Caviation: Evaporation of blood; Due to dramatic transient local drop in pressure

Degassing; Separation of gas contained in blood; Due to a transient drop in pressure

Question 30

Caviation vs. Degassing: Size

Answer 30

Caviation: Very small (<1mm); Appear as a fine cloud rather than bubbles

Degassing: Bigger; Appears as true microbubbles

Question 31

Caviation vs.

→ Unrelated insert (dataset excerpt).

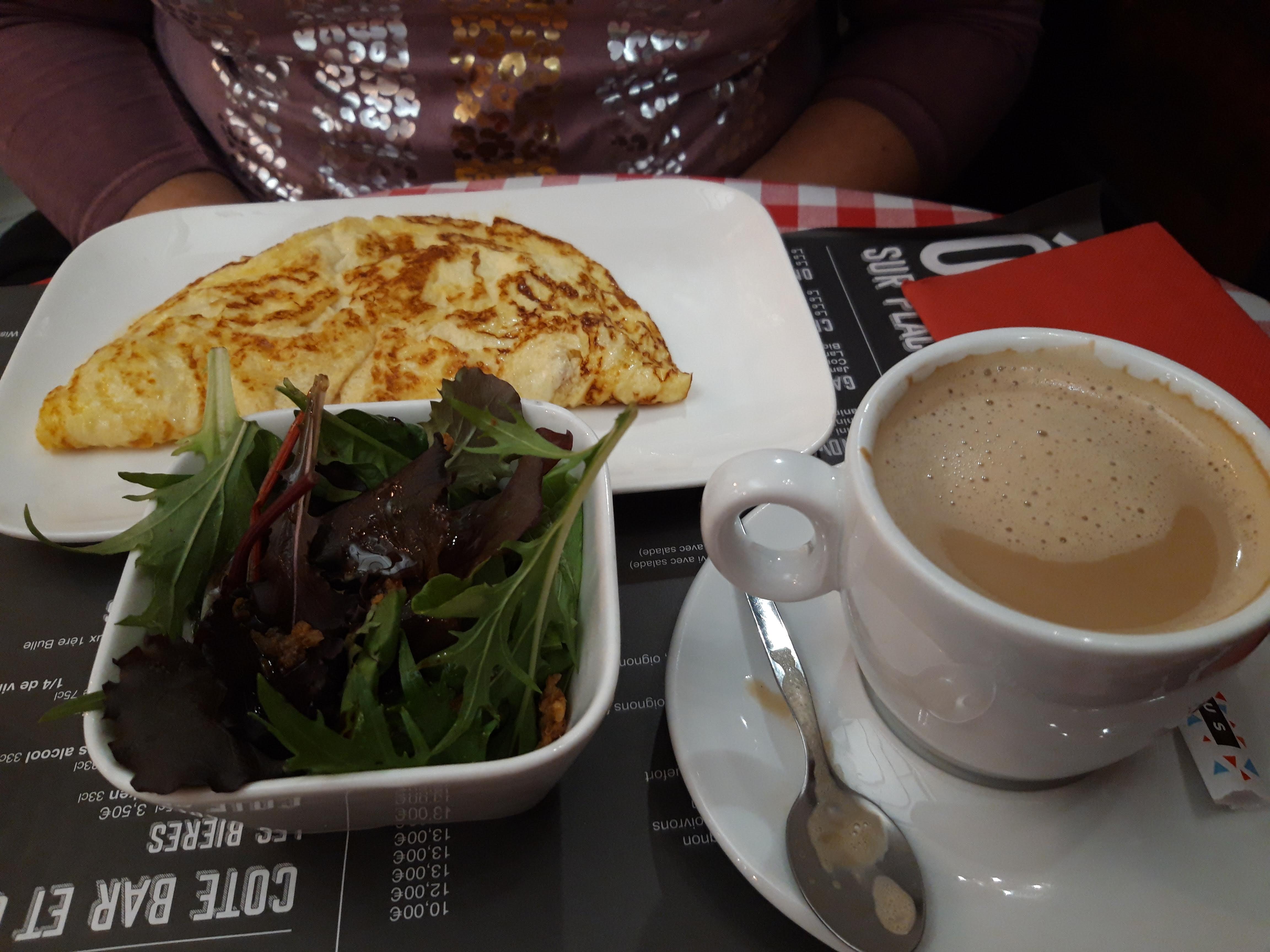 Jolie petite « brasserie » avec des gourmandises faites maison simples mais délicieuses ! Je vous conseille l'omelette Terroir cuite à la perfection ! Ambiance très douce, relax et conviviale. Très reposant après le tumulte des murs intérieurs. Le café était très bon aussi !

Degassing: Duration

Answer 31

Caviation: Lasts for several milliseconds only

Degassing: May last for several seconds

Question 32

What are the parameters considered in the haemodynamic assessment of AVR?

Answer 32

1. Max and mean pressure gradients
2. DPI/DVI
3. Effective orifice area

Question 33

Significance of acceleration time (AT) and contour of AVR signal?

Answer 33

• Normally: triangular in shape, AT < 100ms (max velocity in early systole)
• Clue to stenosis: rounded, AT > 100ms

Question 34

When do you need to use the corrected maximum and mean AV gradients?

Answer 34

Required when LVOT velocity ≥ 1.2m/s

Question 35

Corrected Maximum AV Gradient Formula?

Answer 35

Corrected maximum PG = AVRmax – LVOTmax

Question 36

Corrected Mean AV Gradient Formula?

Answer 36

Corrected mean PG = AVRmean – LVOTmean

Question 37

Formula for AVR EOA (VTI Method)?

Answer 37

EOA = (LVOT area × LVOT VTI) / (AV VTI)

Question 38

Formula for AVR EOA (Vmax Method)?

Answer 38

• EOA = (LVOT area × LVOT Vmax) / (AV Vmax)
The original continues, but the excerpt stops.